Apparent diffusion coefficient: a quantitative parameter for in vivo tumor characterization

Eur J Radiol. 2003 Mar;45(3):208-13. doi: 10.1016/s0720-048x(02)00310-8.


Purpose: The purpose of the this study was to evaluate the potential of diffusion weighted imaging (DWI) to distinguish different tissue compartments in early, intermediate and advanced tumor stages.
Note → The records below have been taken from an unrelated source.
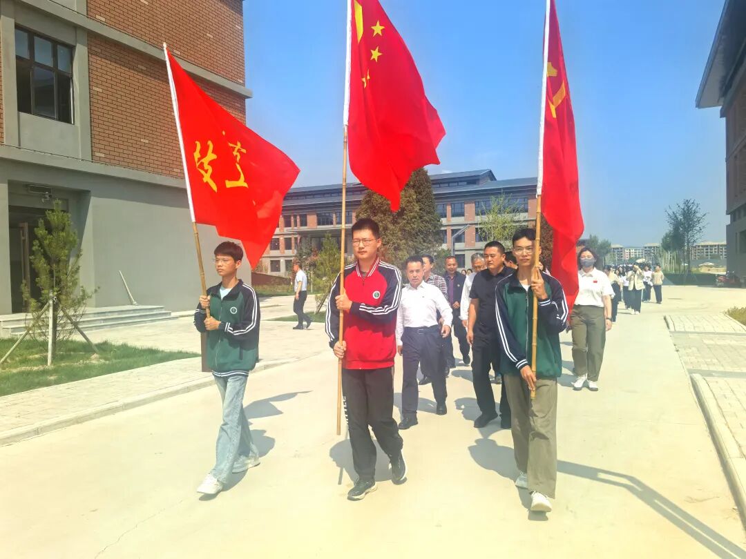 随后,师生们进行校园游行活动。游行队伍沿着校园主干道行进,展现了朔州技工学校师生团结奋进、昂扬向上的精神风貌,将整个活动的气氛推向高潮。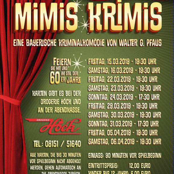 Die Premiere des Stückes “Mimis Krimis” findet am 15.3. in der Post in Aufkirchen statt. Das neue Bühnenbild “im Stil der 60iger Jahre”, das extra neu gebaut wurde, verspricht diesmal mehr als nur eine krachlederne Komödie. Die Schauspieler – allen voran unsere Lieblingsbedienung Hildegard Zahn in der Titelrolle der verbrechenssüchtigen Mimi – sind noch fleißig am Proben.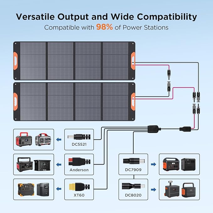 - 【5-in-1 Versatile Connectivity】Equipped with a professional 5-in-1 solar connector(XT60/DC5521/DC7909/DC8020/Anderson), this foldable solar charger is compatible with 98%of portable power stations on the market. Perfect for building a reliable off-grid power systemwith your existing solar generators

Materials and methods: Twenty-two male mice were induced with squamous cell tumor (SCCVII) and scanned with a clinical 1.5 T scanner. T1-SE, T2-FSE, diffusion weighted Line-Scan-MRI and contrast enhanced T1-SE were obtained from mice with early (tumor volume 10-100 mm(3)), intermediate (200-600 mm(3)), advanced tumors (600-1000 mm(3)) and tumor necrosis (>1500 mm(3)). The apparent diffusion coefficient (ADC) of different tumor compartments was calculated offline with a pixel-by-pixel method. The animals were sacrificed immediately after scanning and histopathologic correlation was performed.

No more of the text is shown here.